Exercise-induced Bronchoconstriction Diagnostics: Impact of a Repeated Exercise Challenge Test

Norwegian University of Science and Technology1 site in 1 country20 target enrollmentAugust 2010

Overview

Phase
Not Applicable
Intervention
Not specified
Conditions
Exercise Induced Bronchoconstriction
Sponsor
Norwegian University of Science and Technology
Enrollment
20
Locations
1
Primary Endpoint
Forced expiratory volume in one second (FEV1)
Status
Completed
Last Updated
9 years ago

Overview

Brief Summary

The purpose of this study is to increase the knowledge of the possible diagnostic effect of exercise induced bronchoconstriction performing a repeated exercise challenge test.

Detailed Description

Prior studies have shown that the intensity influences the sensitivity of exercise challenge tests (ECT) and that a heart rate-based protocol does not ensure sufficient exercise intensity to induce bronchoconstriction.
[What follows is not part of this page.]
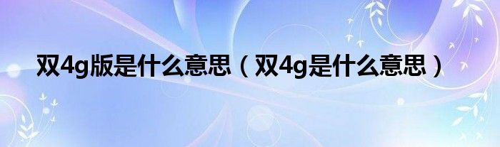 双4g版是什么意思(双4g是什么意思)
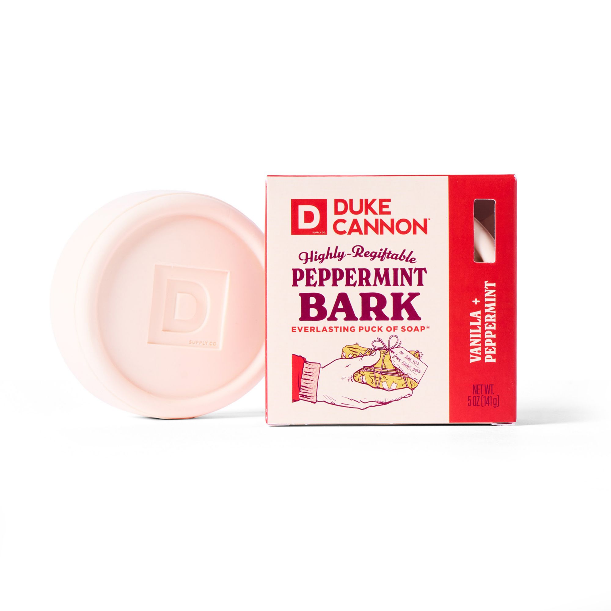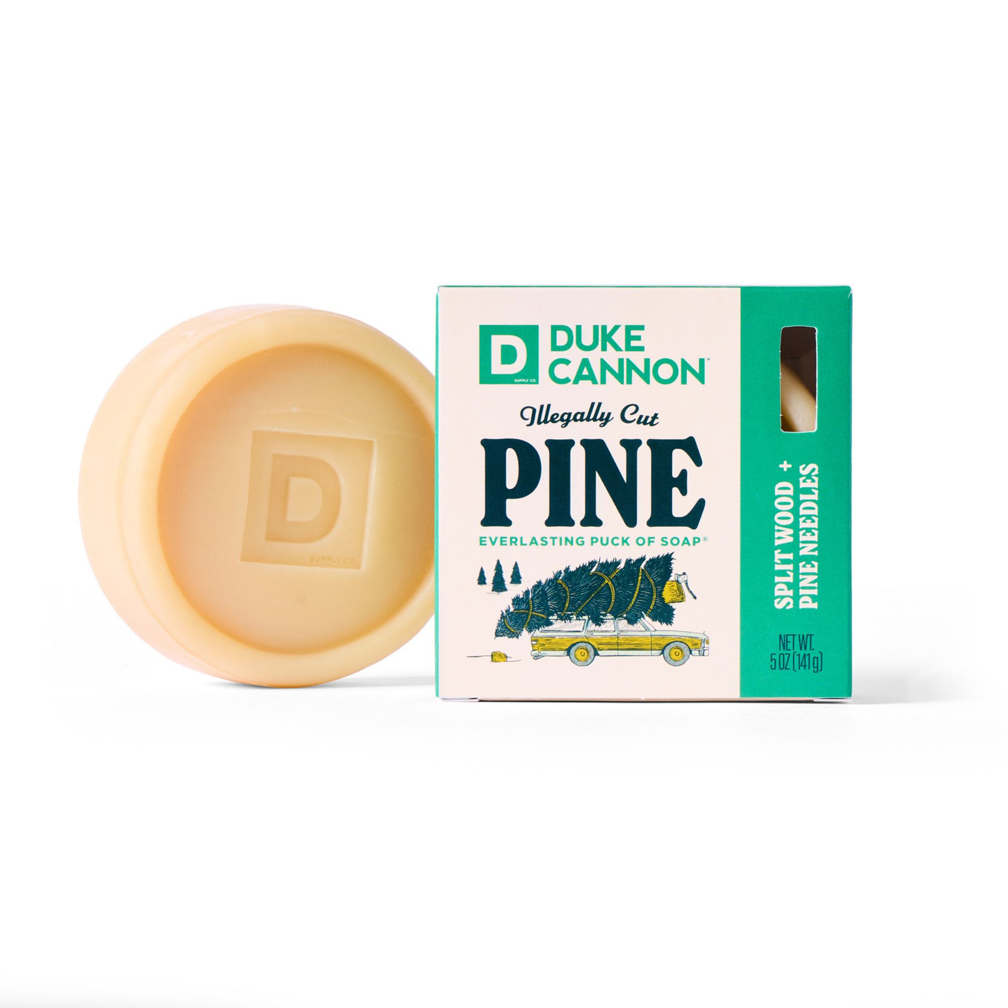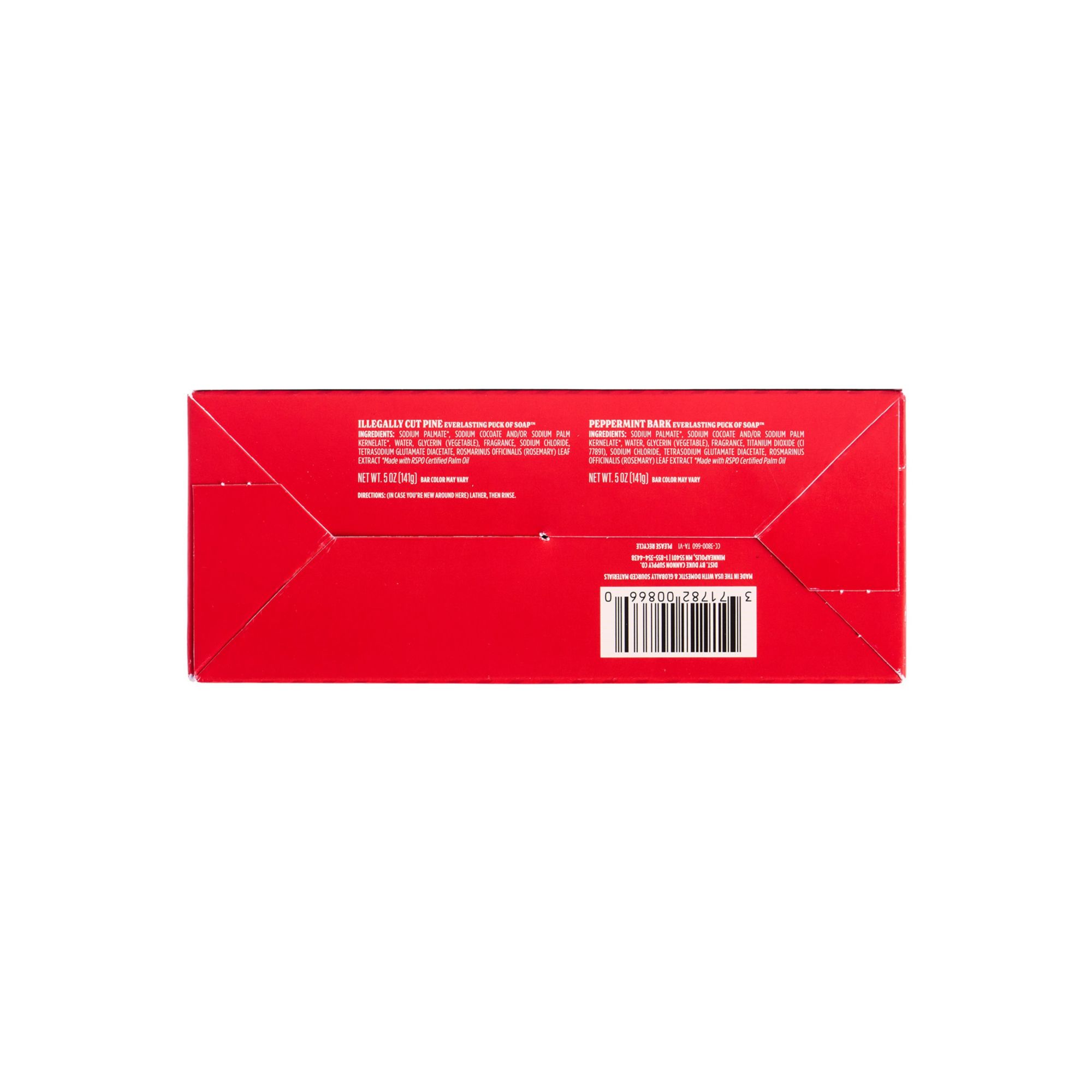 Contains: two 5 oz. Illegally Cut Pine Everlasting Puck of Soap and two 5 oz. Highly-Re-giftable Peppermint Bark Everlasting Puck of Soap

It is not common clinical practice to perform a pre ECT to establish maximal heart rate or maximal oxygen uptake. The heart rate formula recommended by ATS (HRmax= 220-age) is usually applied to determine recommended intensity of the ECT. Conducting a second ECT, based on the knowledge of the first test, introduce the possibility to adjust the intensity on an individual basis. In addition, based on clinical experience, patients may seem reluctant to perform maximal the first time they undergo an ECT on a treadmill. The hypothesis is that patients are less reluctant to perform maximal the second time they undergo the test when they are more accustomed to the procedure and the treadmill by itself.

Registry
clinicaltrials.gov
Start Date
August 2010
End Date
March 2011
Last Updated
9 years ago
Study Type
Observational
Sex
All

Investigators

Responsible Party
Sponsor

Eligibility Criteria

Inclusion Criteria

  • Referred to Klinikk for allergi og luftveissykdommer
  • Meet at least 3 out of 5 criteria (symptoms related to exercise):
  • Cough during exercise or within 5 minutes after exercise
  • Wheeze during exercise or within 5 minutes after exercise
  • Heavy breathing, expiratory in particular, during exercise or within 5 minutes after exercise (duration 5 minutes or more)
  • Improvement of physical fitness/breath is lacking despite of exercise intensification
  • Chest tightness during or after exercise
  • Patients former diagnosed with-and treated for asthma who have symptoms of EIB are included in the study.

Exclusion Criteria

  • Ongoing respiratory infection or recent respiratory infection, judged by the responsible doctor to be of importance of the result
  • The inability to perform an Exercise challenge test with maximum effort

Outcomes

Primary Outcomes

Forced expiratory volume in one second (FEV1)

Time Frame: up to 4 weeks

Secondary Outcomes

  • Forced vital capacity (FVC)(up to 4 weeks)
  • Forced expiratory flow at 50 % FVC(FEF50%)(up to 4 weeks)
  • Fractional exhaled nitric oxide (FENO)(up to 4 weeks)
  • Total lung capacity (TLC)(up to 4 weeks)
  • Specific airway resistance (sRAW)(up to 4 weeks)
  • Specific airway conductance (sGAW)(up to 4 weeks)
  • Residual volume (RV)(up to 4 weeks)
  • Diffusing capacity (TLCO)(up to 4 weeks)
  • Maximum voluntary ventilation (MVV)(up to 4 weeks)
  • Breathing reserve (BR)(up to 4 weeks)
  • Respiratory exchange ration (RER)(up to 4 weeks)
  • Oxygen uptake peak (VO2 peak)(up to 4 weeks)
  • Heart rate peak (HR peak)(up to 4 weeks)
  • Ventilation peak (VE peak)(up to 4 weeks)

Study Sites (1)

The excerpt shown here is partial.